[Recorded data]
○ ○ ○

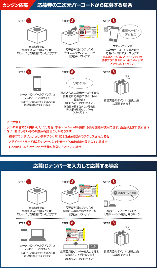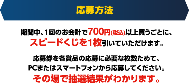 - 本キャンペーンは、税込700円お買い上げ毎に1回引けるスピードくじの応募券に記載された応募用IDナンバーをご希望のコースに必要な枚数分を登録し応募。応募者の中から抽選で、景品をプレゼントするキャンペーンです。また本キャンペーンは郵送での応募も可能です。
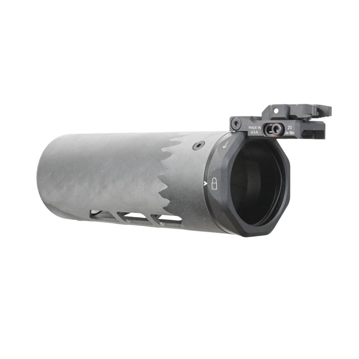 Montato su un Picatinny Rail, il U-RAC XL Suppressor Shield è progettato per soppressori fino a 1.900" (48 mm). La sua costruzione avanzata in composito offre una riduzione della temperatura media del 60% o superiore, prevenendo scottature e proteggendo l'attrezzatura.
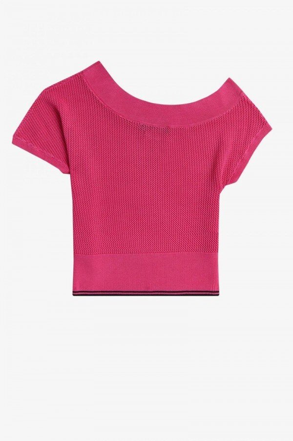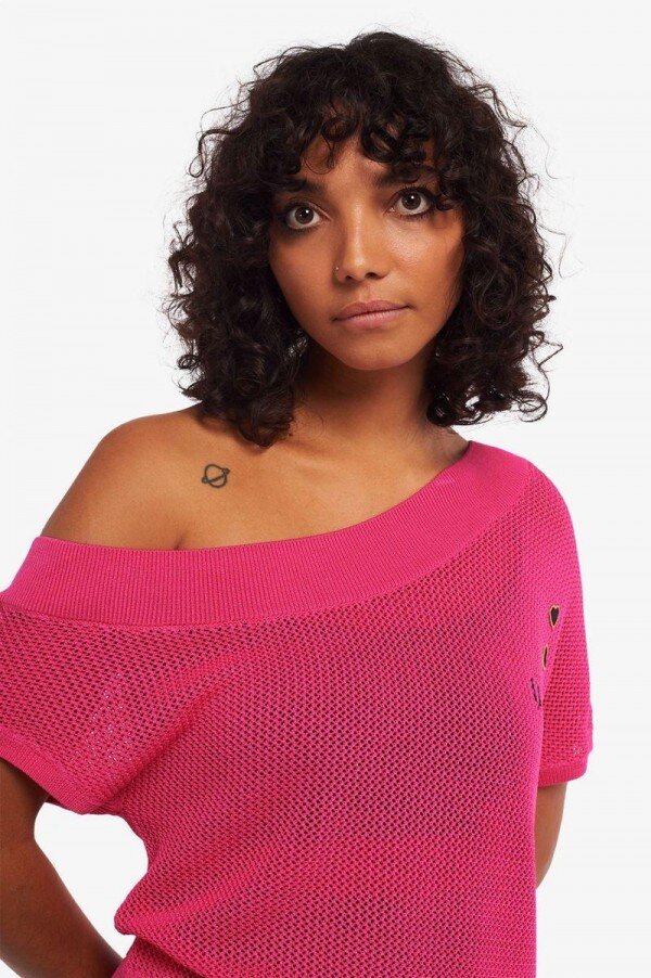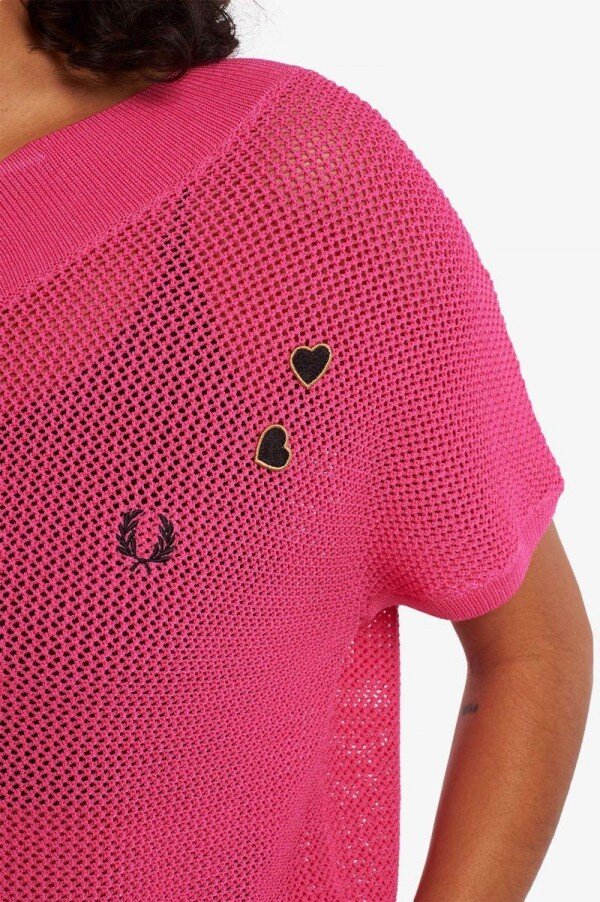 Viscose/nylon blend / Fitted one-shoulder design / Open mesh knit technique / Twin tipping on hem rib / Amy embroidered heart patches
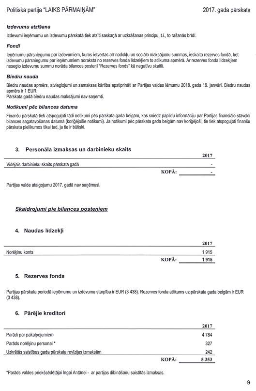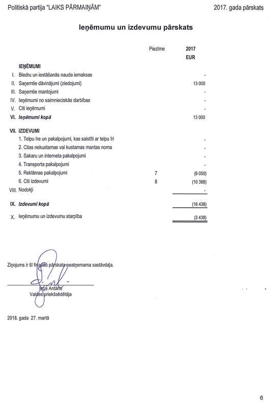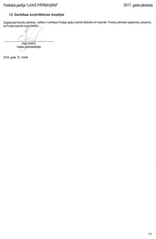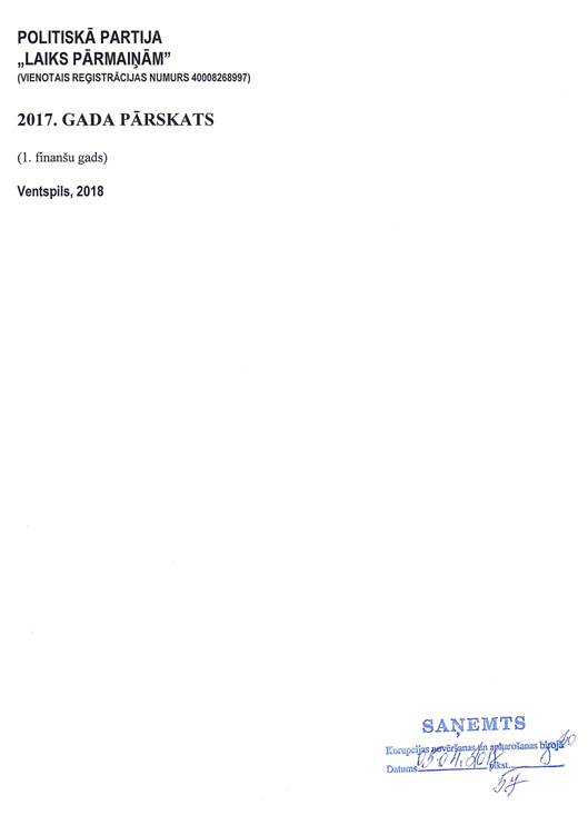 Politiskās partijas "LAIKS PĀRMAIŅĀM", reģ. Nr. 40008268997, gada pārskats par 2017.gadu
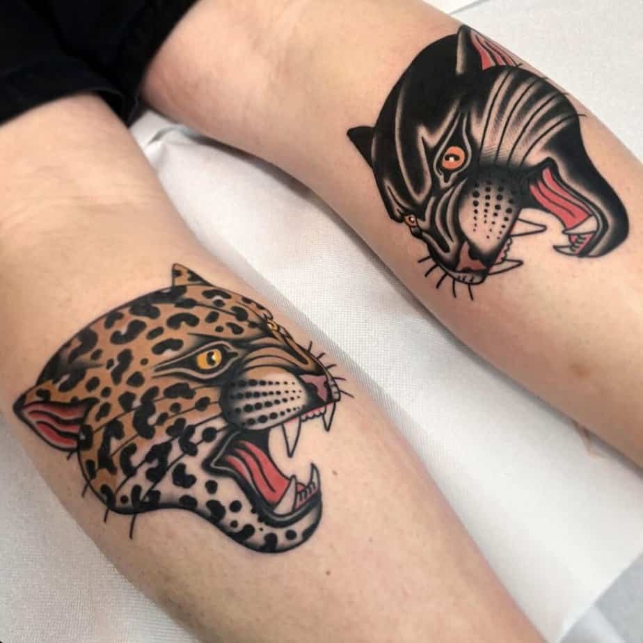 A big, detailed wraparound piece with an intense gaze — this is the kind of tattoo that turns heads. It reads as both a portrait and a statement, showing the leopard as a symbol of beauty and raw strength.
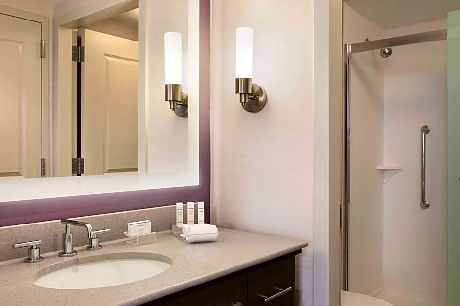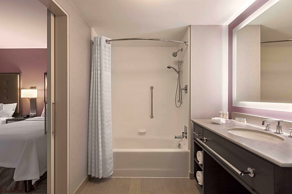 The suite has a kitchen with a refrigerator, stove top, microwave oven, coffee maker, dishwasher, plates, dinnerware and cooking utensils. Featuring a seating area with a sofa as part of the bedroom, this suite also has facilities like a roll-in shower making it wheelchair accessible as well.
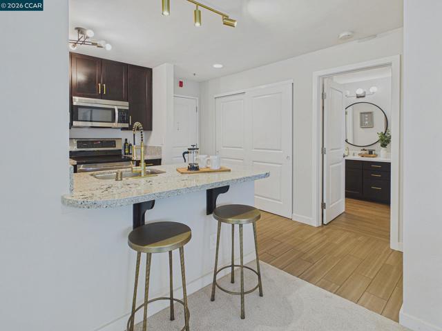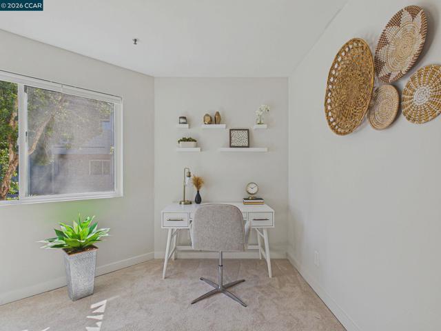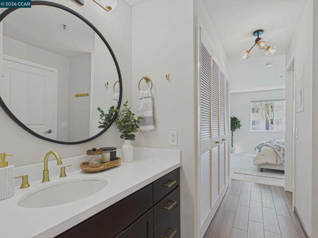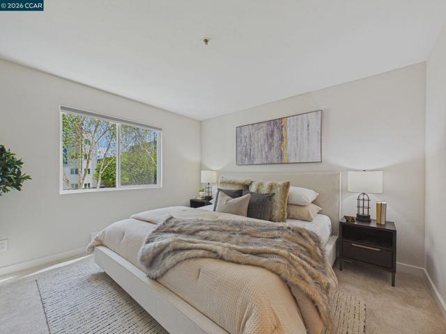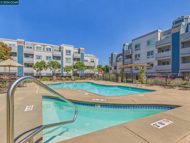 Welcome to your ideal urban retreat in the heart of Emeryville! This beautifully appointed 2 bedroom, 2 bath end-unit condo offers the perfect blend of comfort & convenience. Step inside to a thoughtfully designed layout with natural light pouring in from the newer dual paned windows. The updated kitchen with stainless steel appliances, stone countertop and brass hardware make meal prep enjoyable. Bedrooms are separated on each side of the home, creating privacy while walk-in closets offer great organization. Sip and snack on the private patio that overlooks a well-manicured courtyard that also has a storage closet. Skip visits to the laundromat with in-unit laundry! This home also includes two-car, secured covered garage spaces, an exceptional perk in this area. Beyond your front door, enjoy a plethora of community amenities: A fully equipped fitness center, swimming pool/hot tub, BBQ grassy field, massage/study rooms, clubhouse with billiard & ping pong table, kitchenette for optimal entertaining options. Located near many shopping centers, dining, UCB, movie theatres, BART, Emery Go-Round, I-80 and so much more. This is the perfect pet-friendly place to call home within a vibrant community! 3D Tour here: https://tour.giraffe360.com/6466de7b15524b66b320be5ff5665691
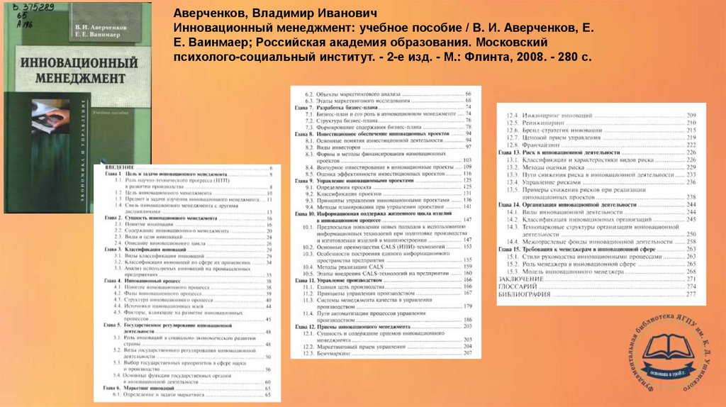 Аверченков, Владимир ИвановичИнновационный менеджмент: учебное пособие / В. И. Аверченков, Е.
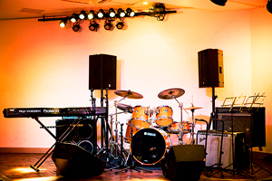 ドラムセットなど本格バンド機材を始め、プロジェクター・マイクや控え室、照明設備など、パーティー・イベントに必要なあらゆる設備が揃っております。
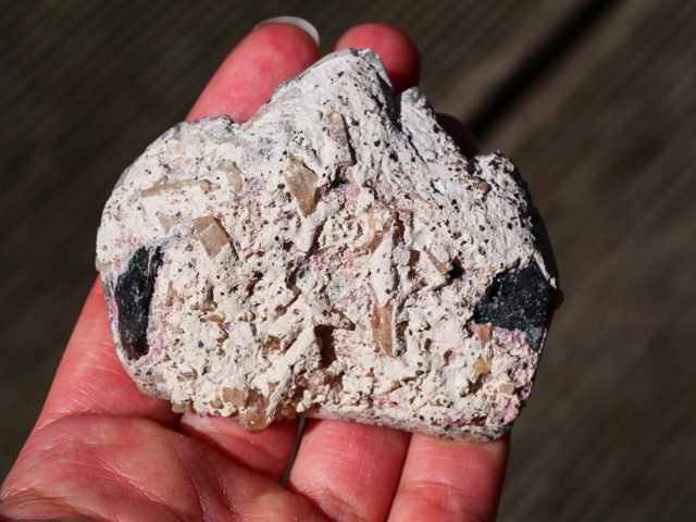 Velký počet medově žlutých krystalů danburitu na oboustranně ukončeném multikrystalu záhnědy. Nejdelší krystal danburitu na pohledové straně měří 36 mm. Tento starý vzorek doplňují drobné náteky tvořené jemnými krystaly rubelitu.

○ ○ ○

▶ **DESCRIPTION OF THE TASK**:
Copy all of the data above exactly. Leave out every picture.

▶ **SOLVED PROBLEM**:
 - 本キャンペーンは、税込700円お買い上げ毎に1回引けるスピードくじの応募券に記載された応募用IDナンバーをご希望のコースに必要な枚数分を登録し応募。応募者の中から抽選で、景品をプレゼントするキャンペーンです。また本キャンペーンは郵送での応募も可能です。
 Montato su un Picatinny Rail, il U-RAC XL Suppressor Shield è progettato per soppressori fino a 1.900" (48 mm). La sua costruzione avanzata in composito offre una riduzione della temperatura media del 60% o superiore, prevenendo scottature e proteggendo l'attrezzatura.
 Viscose/nylon blend / Fitted one-shoulder design / Open mesh knit technique / Twin tipping on hem rib / Amy embroidered heart patches
 Politiskās partijas "LAIKS PĀRMAIŅĀM", reģ. Nr. 40008268997, gada pārskats par 2017.gadu
 A big, detailed wraparound piece with an intense gaze — this is the kind of tattoo that turns heads. It reads as both a portrait and a statement, showing the leopard as a symbol of beauty and raw strength.
 The suite has a kitchen with a refrigerator, stove top, microwave oven, coffee maker, dishwasher, plates, dinnerware and cooking utensils. Featuring a seating area with a sofa as part of the bedroom, this suite also has facilities like a roll-in shower making it wheelchair accessible as well.
 Welcome to your ideal urban retreat in the heart of Emeryville! This beautifully appointed 2 bedroom, 2 bath end-unit condo offers the perfect blend of comfort & convenience. Step inside to a thoughtfully designed layout with natural light pouring in from the newer dual paned windows. The updated kitchen with stainless steel appliances, stone countertop and brass hardware make meal prep enjoyable. Bedrooms are separated on each side of the home, creating privacy while walk-in closets offer great organization. Sip and snack on the private patio that overlooks a well-manicured courtyard that also has a storage closet. Skip visits to the laundromat with in-unit laundry! This home also includes two-car, secured covered garage spaces, an exceptional perk in this area. Beyond your front door, enjoy a plethora of community amenities: A fully equipped fitness center, swimming pool/hot tub, BBQ grassy field, massage/study rooms, clubhouse with billiard & ping pong table, kitchenette for optimal entertaining options. Located near many shopping centers, dining, UCB, movie theatres, BART, Emery Go-Round, I-80 and so much more. This is the perfect pet-friendly place to call home within a vibrant community! 3D Tour here: https://tour.giraffe360.com/6466de7b15524b66b320be5ff5665691
 Аверченков, Владимир ИвановичИнновационный менеджмент: учебное пособие / В. И. Аверченков, Е.
 ドラムセットなど本格バンド機材を始め、プロジェクター・マイクや控え室、照明設備など、パーティー・イベントに必要なあらゆる設備が揃っております。
 Velký počet medově žlutých krystalů danburitu na oboustranně ukončeném multikrystalu záhnědy. Nejdelší krystal danburitu na pohledové straně měří 36 mm. Tento starý vzorek doplňují drobné náteky tvořené jemnými krystaly rubelitu.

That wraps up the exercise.